- Born: September 18, 1962 (age 63) New York City, US
- Education: Brown University (BA)
- Occupation: Theatre director
- Employer: Hartford Stage
- Predecessor: Darko Tresnjak
- Awards: OBIE Award
- Website: meliabensussen.com

= Melia Bensussen =

American theatre director

Melia Bensussen (born September 18, 1962) is an American theatre director and producer who has been artistic director of the Hartford Stage since 2019. She is also the Artistic Director of the National Playwrights Conference at the Eugene O'neill Theater Center. She won an OBIE Award for Outstanding Direction for Turn of the Screw in 1999 and is Professor of Performing Arts at Emerson College.

== Biography ==
Born in New York City of Jewish heritage and raised in Mexico City and San Diego, California, Bensussen is a graduate of La Jolla High School and of Brown University, where she received a Bachelor of Arts degree in theatre and comparative literature. She studied Yiddish theatre on a fellowship to Israel and taught English in Japan before returning to New York City to work as a translator and actor. Her first professional job was at the Hartford Stage, assisting the director Emily Mann (director) as a fellow of The Drama League Directors' Project in a production of A Doll's House featuring Mark Lamos in 1986. Fluent in Spanish, she directed for the Puerto Rican Traveling Theater and served as associate director for the Festival Latino at The Public Theater. Her edition of the Langston Hughes translation of Federico García Lorca's Blood Wedding is in its ninth printing by Theatre Communications Group. Bensussen won an OBIE Award for directing Turn of the Screw in 1999.

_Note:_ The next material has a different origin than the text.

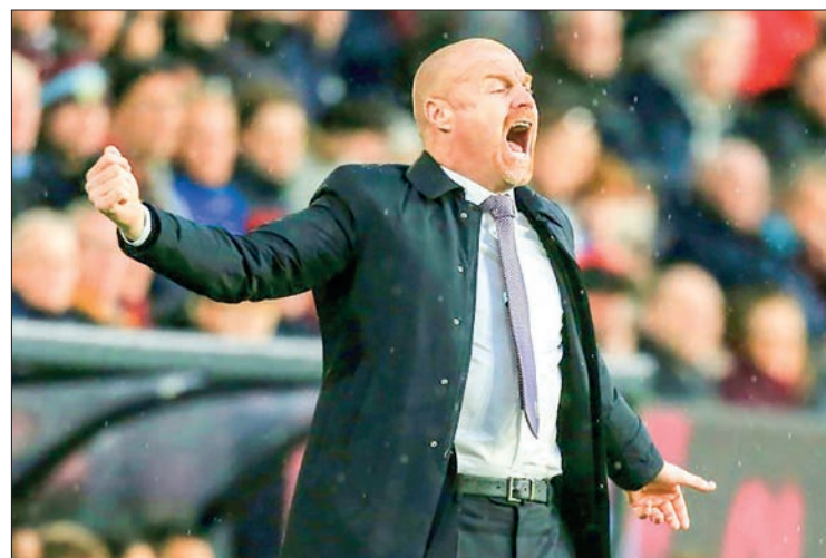
Burnley have sacked manager Sean Dyche.

RELEGATION-THREATENED Burnley announced on Friday they had sacked long-serving manager Sean Dyche with eight games of the Premier League season remaining.

In 2000, Emerson College hired Bensussen as producing director of Emerson Stage and as professor of performing arts. She chaired the department from 2008 to 2018 and is a full professor. Bensussen has directed theatrical productions at Huntington Theatre, Merrimack Repertory Theatre, Baltimore Center Stage, Hartford Stage, Oregon Shakespeare Festival, La Jolla Playhouse, Shakespeare in the Park, MCC Theater, Primary Stages, Long Wharf Theatre, Actors Theatre of Louisville, People's Light and Theatre Company, San Jose Repertory Theatre, Eugene O'Neill Theater Center, and other venues. She has twice received Directing Awards from the Princess Grace Foundation-USA along with their top honor, the Statuette Award (for Sustained Excellence in Directing). She serves on the executive board of the Stage Directors and Choreographers Society and chairs the Arts Advisory Board for the Princess Grace Foundation.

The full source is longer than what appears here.